- [Data for processing]
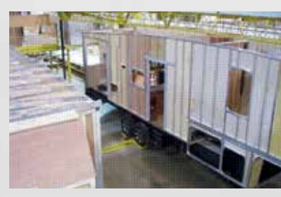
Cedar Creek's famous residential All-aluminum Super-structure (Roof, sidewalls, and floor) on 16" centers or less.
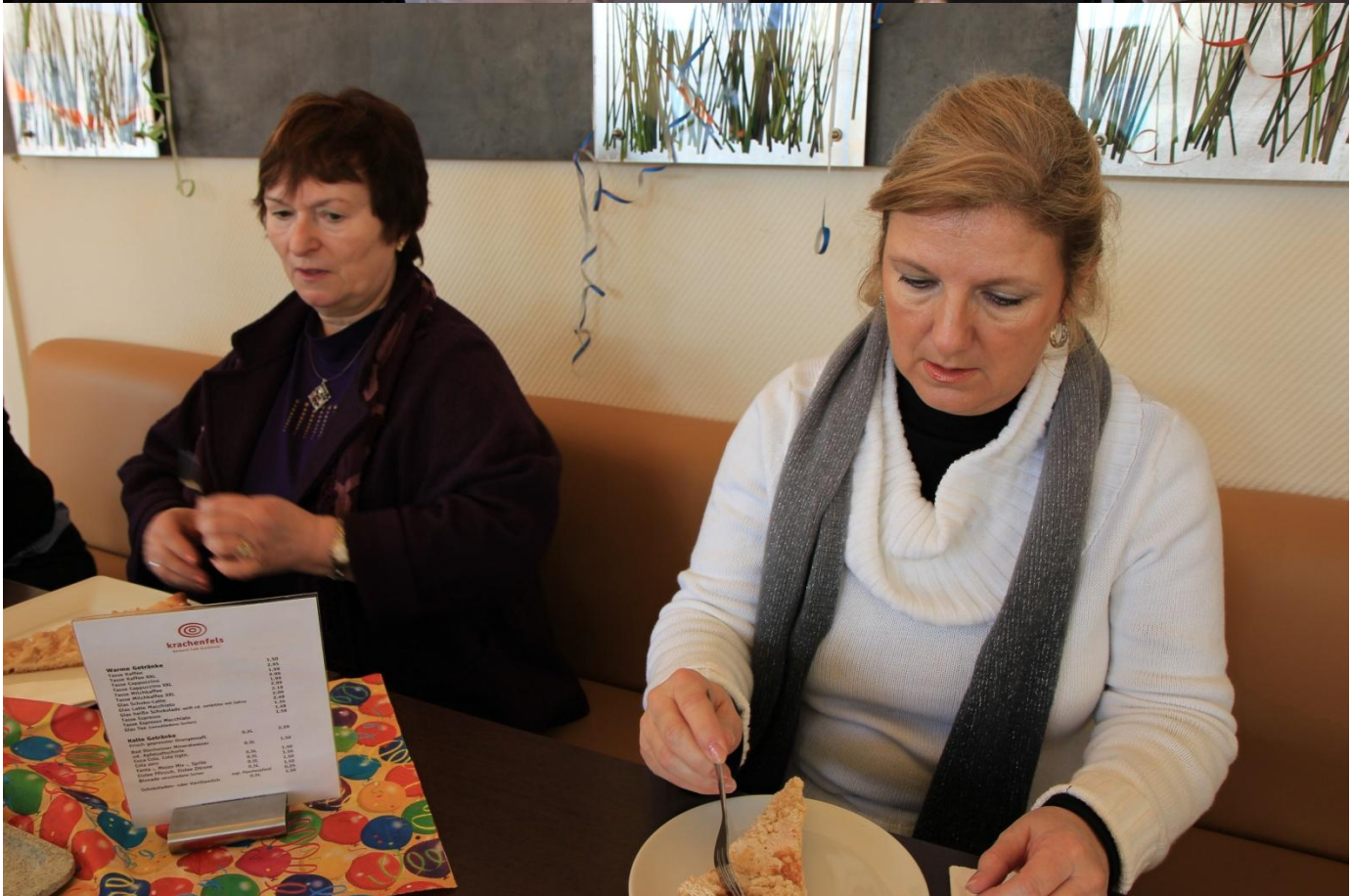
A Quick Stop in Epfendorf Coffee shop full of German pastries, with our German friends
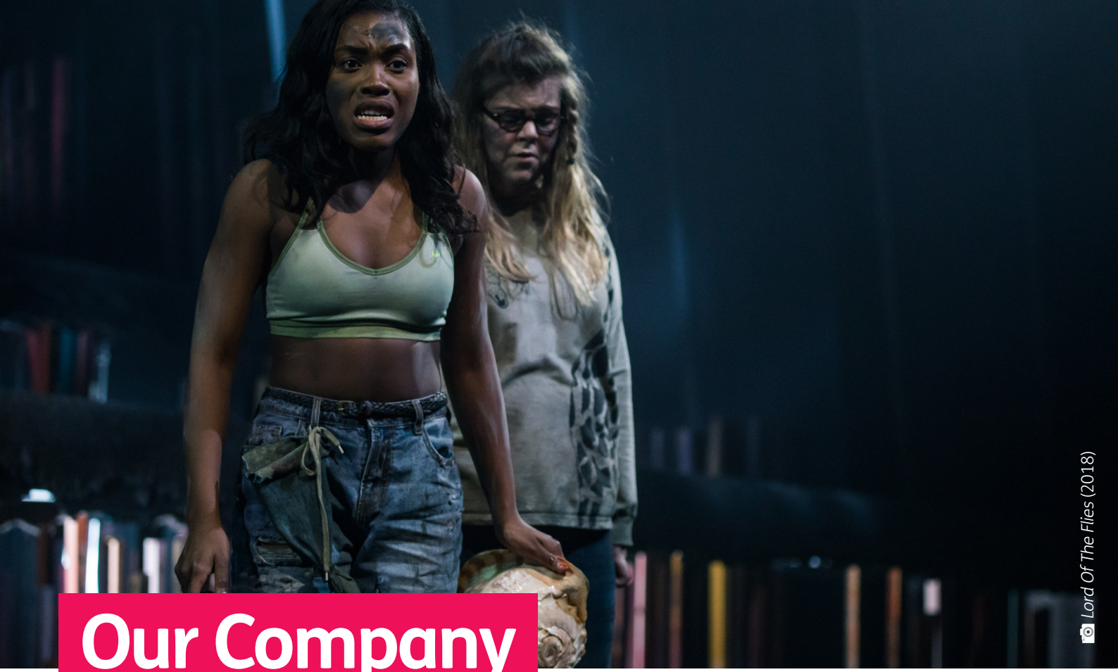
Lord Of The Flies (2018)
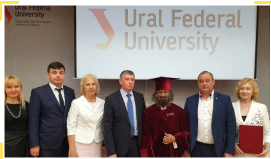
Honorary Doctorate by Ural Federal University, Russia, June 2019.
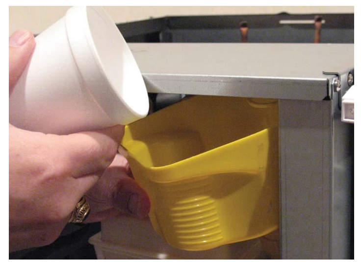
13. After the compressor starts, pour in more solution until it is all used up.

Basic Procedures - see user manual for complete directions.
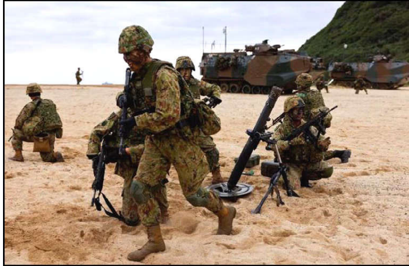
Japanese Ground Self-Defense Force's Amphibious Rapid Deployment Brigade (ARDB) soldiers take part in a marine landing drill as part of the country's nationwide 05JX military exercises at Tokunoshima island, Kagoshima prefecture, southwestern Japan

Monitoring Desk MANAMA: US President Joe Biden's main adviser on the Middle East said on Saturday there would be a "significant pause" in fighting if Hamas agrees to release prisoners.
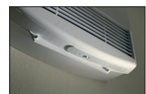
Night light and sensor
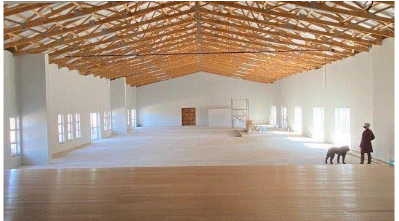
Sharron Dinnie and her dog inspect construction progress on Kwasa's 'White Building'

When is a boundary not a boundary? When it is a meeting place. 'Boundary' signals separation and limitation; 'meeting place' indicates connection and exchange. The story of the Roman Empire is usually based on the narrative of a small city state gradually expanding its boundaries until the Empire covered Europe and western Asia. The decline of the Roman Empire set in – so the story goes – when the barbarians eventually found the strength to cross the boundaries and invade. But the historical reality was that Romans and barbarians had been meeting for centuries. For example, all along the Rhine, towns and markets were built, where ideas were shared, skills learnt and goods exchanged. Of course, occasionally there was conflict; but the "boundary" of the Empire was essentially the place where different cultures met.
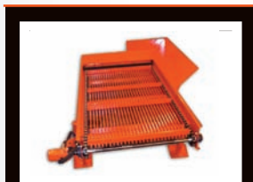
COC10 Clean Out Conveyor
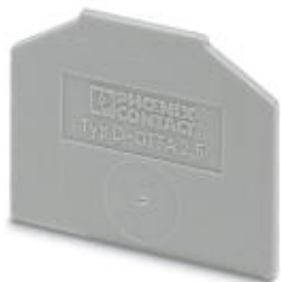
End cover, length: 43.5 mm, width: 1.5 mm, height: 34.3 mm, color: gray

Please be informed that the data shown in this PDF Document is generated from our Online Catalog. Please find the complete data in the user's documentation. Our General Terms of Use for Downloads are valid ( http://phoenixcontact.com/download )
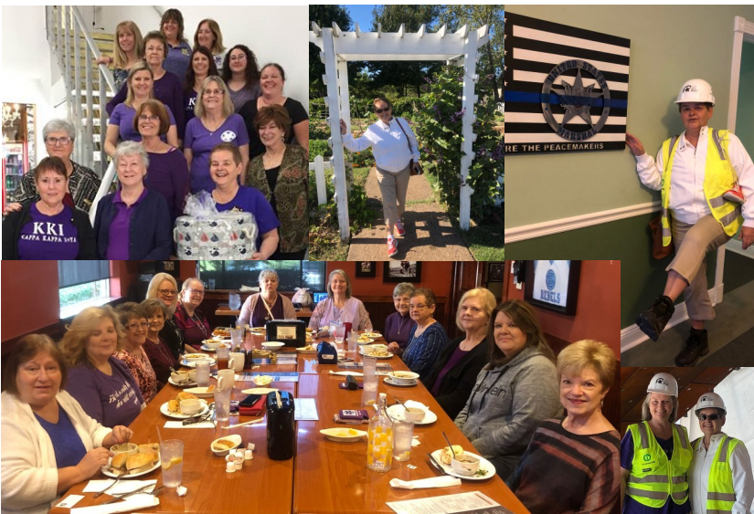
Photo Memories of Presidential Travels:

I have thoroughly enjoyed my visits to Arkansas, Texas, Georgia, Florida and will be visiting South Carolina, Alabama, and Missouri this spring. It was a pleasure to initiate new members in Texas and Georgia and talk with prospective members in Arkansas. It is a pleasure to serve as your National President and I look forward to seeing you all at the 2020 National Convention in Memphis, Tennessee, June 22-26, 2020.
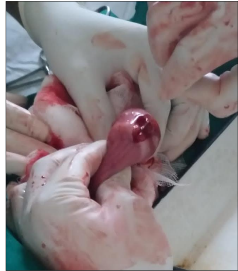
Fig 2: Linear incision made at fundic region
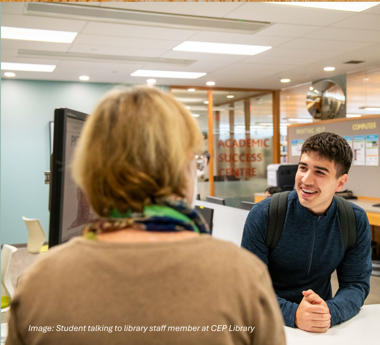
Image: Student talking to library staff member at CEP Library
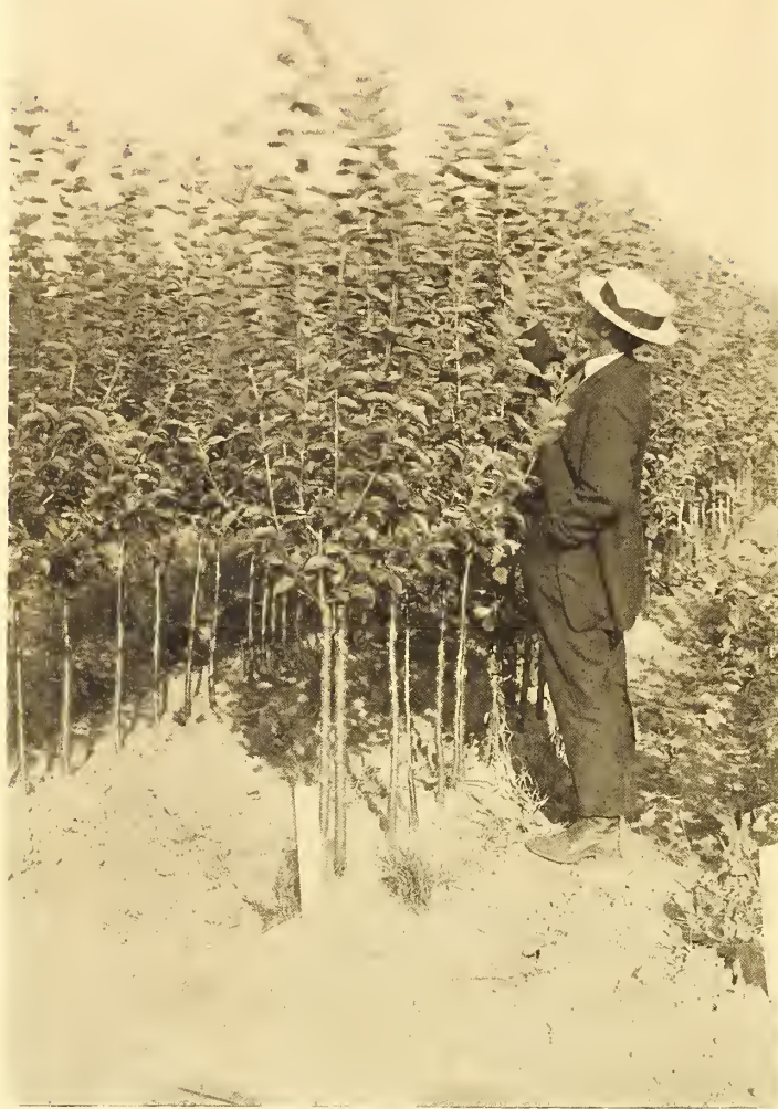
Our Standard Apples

--

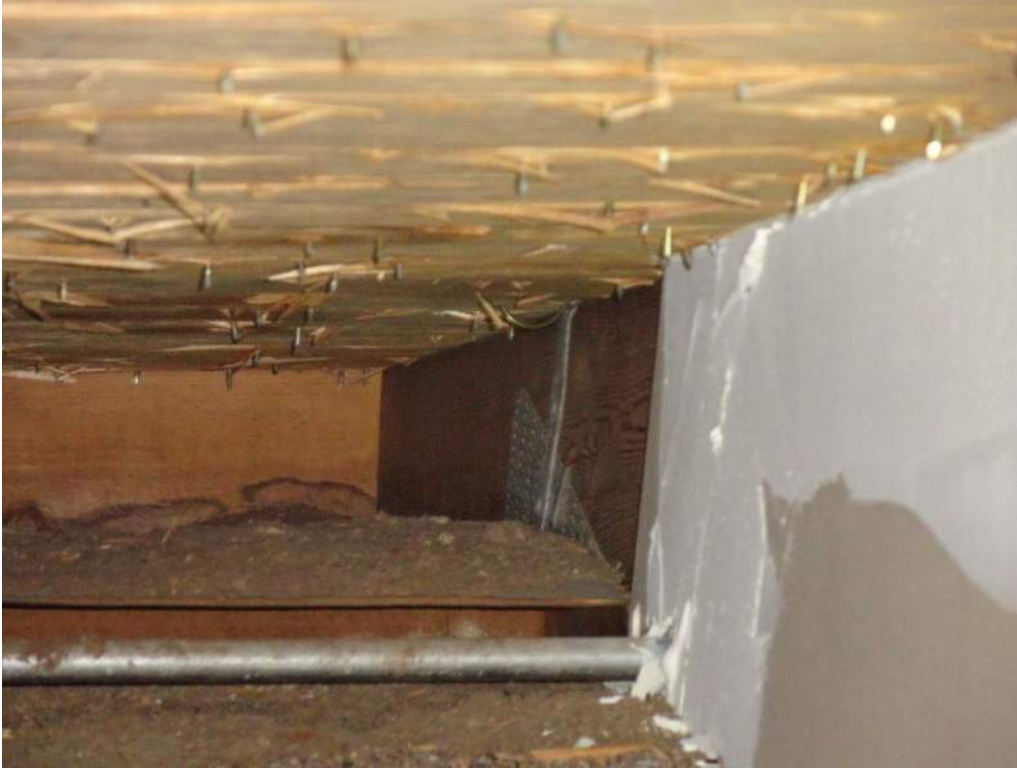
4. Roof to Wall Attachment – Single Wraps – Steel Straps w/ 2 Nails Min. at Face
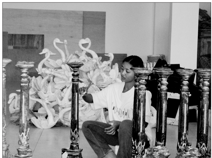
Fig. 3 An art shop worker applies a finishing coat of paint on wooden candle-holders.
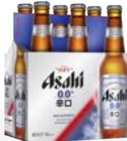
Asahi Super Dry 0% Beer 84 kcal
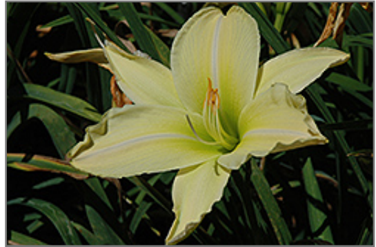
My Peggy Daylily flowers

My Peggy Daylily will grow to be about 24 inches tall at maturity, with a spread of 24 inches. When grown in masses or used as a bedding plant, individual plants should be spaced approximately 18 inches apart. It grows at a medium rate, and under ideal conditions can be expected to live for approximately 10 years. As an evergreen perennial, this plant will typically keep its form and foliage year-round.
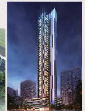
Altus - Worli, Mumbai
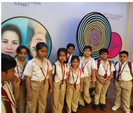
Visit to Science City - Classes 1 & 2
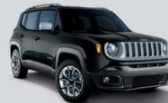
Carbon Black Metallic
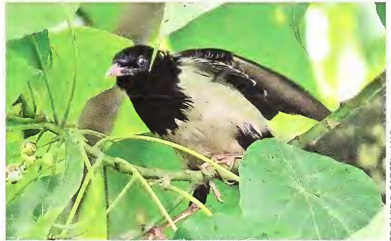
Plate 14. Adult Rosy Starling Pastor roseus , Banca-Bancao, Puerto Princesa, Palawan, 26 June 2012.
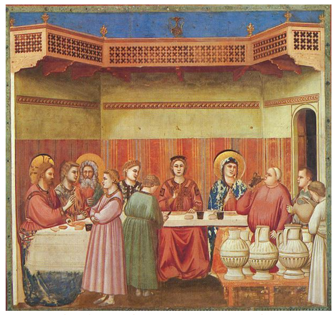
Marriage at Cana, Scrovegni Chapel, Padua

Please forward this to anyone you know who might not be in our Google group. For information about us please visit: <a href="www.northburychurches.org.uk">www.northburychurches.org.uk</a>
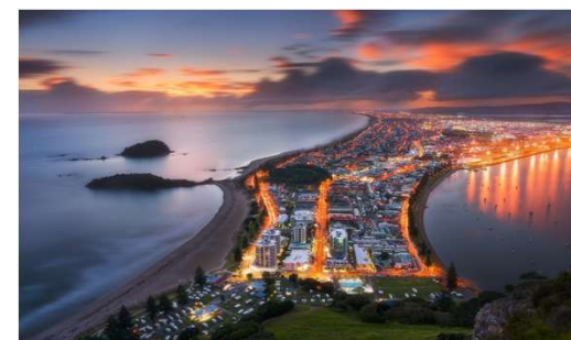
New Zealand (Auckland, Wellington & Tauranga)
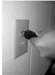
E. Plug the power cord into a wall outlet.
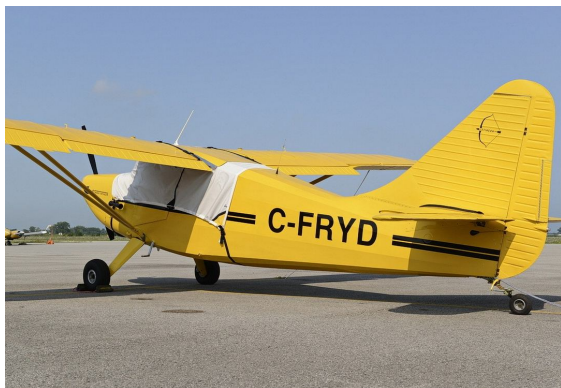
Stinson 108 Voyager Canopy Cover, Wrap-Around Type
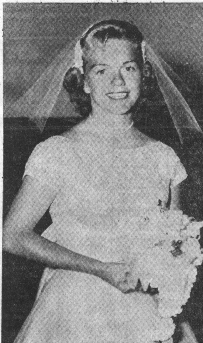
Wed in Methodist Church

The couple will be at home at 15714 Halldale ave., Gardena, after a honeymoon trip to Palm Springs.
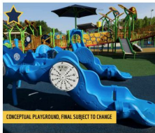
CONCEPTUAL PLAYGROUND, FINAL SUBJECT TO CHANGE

==

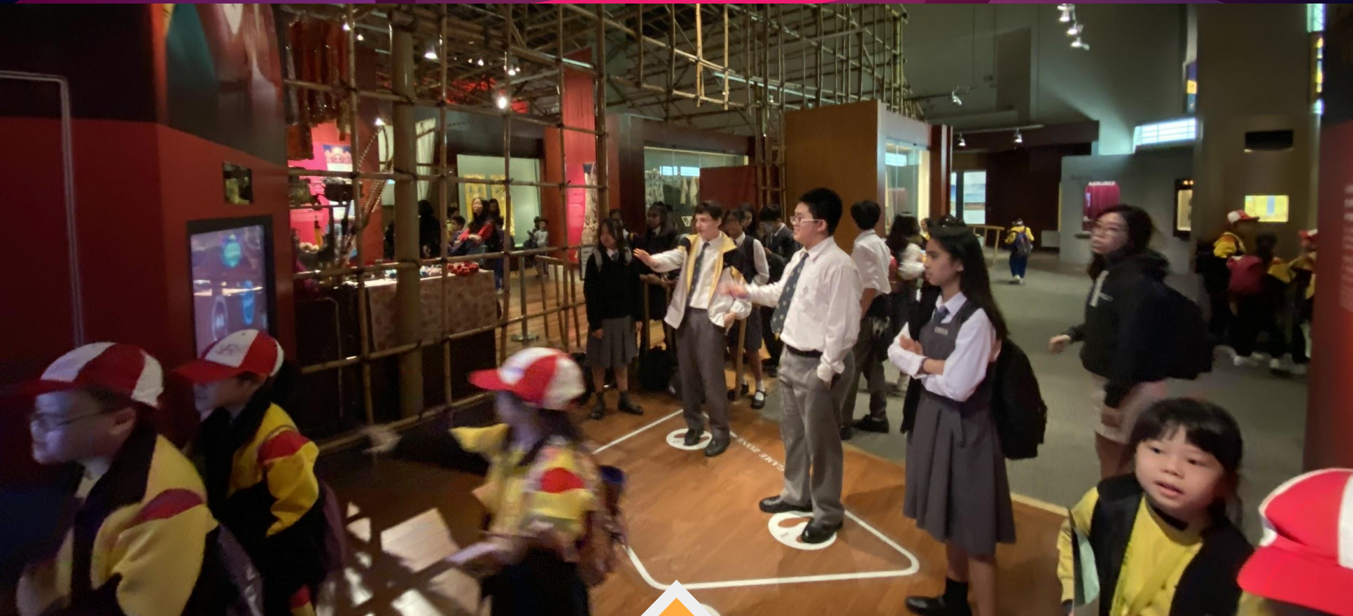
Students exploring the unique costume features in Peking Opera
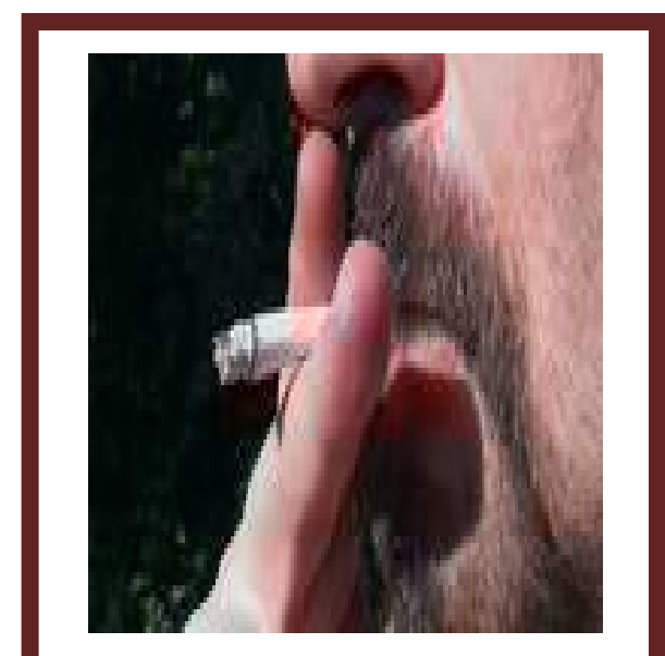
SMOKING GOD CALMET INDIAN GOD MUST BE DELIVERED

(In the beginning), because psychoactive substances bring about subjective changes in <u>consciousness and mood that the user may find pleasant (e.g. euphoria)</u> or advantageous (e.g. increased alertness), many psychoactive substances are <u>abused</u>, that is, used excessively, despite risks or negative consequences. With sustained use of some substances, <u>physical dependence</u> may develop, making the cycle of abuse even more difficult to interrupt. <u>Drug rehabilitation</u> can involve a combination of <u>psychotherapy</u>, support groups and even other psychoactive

- [Problem] Copy the lines above exactly, starting with the line that contains "Sharron Dinnie and" and ending with the line that contains "End cover, length: 43.5", and leave out any pictures.

- [Response below]
Sharron Dinnie and her dog inspect construction progress on Kwasa's 'White Building'

When is a boundary not a boundary? When it is a meeting place. 'Boundary' signals separation and limitation; 'meeting place' indicates connection and exchange. The story of the Roman Empire is usually based on the narrative of a small city state gradually expanding its boundaries until the Empire covered Europe and western Asia. The decline of the Roman Empire set in – so the story goes – when the barbarians eventually found the strength to cross the boundaries and invade. But the historical reality was that Romans and barbarians had been meeting for centuries. For example, all along the Rhine, towns and markets were built, where ideas were shared, skills learnt and goods exchanged. Of course, occasionally there was conflict; but the "boundary" of the Empire was essentially the place where different cultures met.
COC10 Clean Out Conveyor
End cover, length: 43.5 mm, width: 1.5 mm, height: 34.3 mm, color: gray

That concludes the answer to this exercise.